Unlike the conscription referendum of 1917, however, the results of which were line-ball , the popular divide on Big Australia is very one-sided. Australians do not want it and have been telling us that in poll after poll. Despite attempts to debunk the comparison, the immigration-fed economic growth model is the greatest Ponzi-like con perpetrated on the Australian people. It serves a few and does little for the many and guarantees a never-ending diminution of our natural spaces and the liveability of the built environment. For these reasons alone, it must, in the end, come crashing down.
But how do the Australian voters demonstrate their concern? Where is the political alternative to LNP madness? What will it take for Labor to grasp that if they offer us something genuinely sustainable (and that would be immigration rates of 50,000 and not 200,000), they would win in a landslide?
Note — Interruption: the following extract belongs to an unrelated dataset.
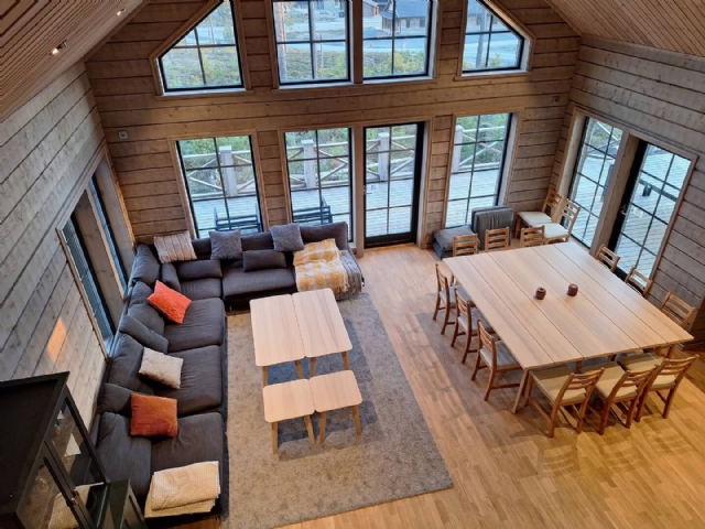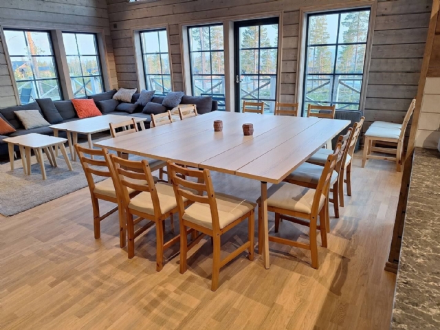 Storstuga • Stor hörnsoffa med bord • Matbord och stolar med plats för 16 personer • Braskamin • 55 tums TV • Vitrinskåp • Två dörrar ut till terrass • Parkettgolv, rustika timmerpanelväggar och paneltak • 39,0 m²

Developer support is disappointing
I am accustomed to the property sector spruiking its own interests, but it is another thing again when an AFR View claims that property interests are nothing less than the national interest (‘‘Property’s part in Australia getting back to normal,’’ December 1).
Undoubtedly population growth (high migration) is good for the property business. The urban property growth machine voraciously chews up natural habitat and scarce agricultural land for housing a growing population. But for how long can this go on, and at what cost to quality of life and ecological sustainability?
Harry Triguboff is already on record as saying Sydney has too many forests and parks that would be better as prime real estate. Your editorial’s celebration of a property developer’s ranking on the Financial Review’s Rich List is indicative of the values that are on show here. The Big Australia vision is reduced to nothing more than special pleading that ‘‘returns to investment should be higher here’’. This is a triumph of the pecuniary mindset over other perspectives that value sustainability, limits to growth, natural landscapes and wild nature.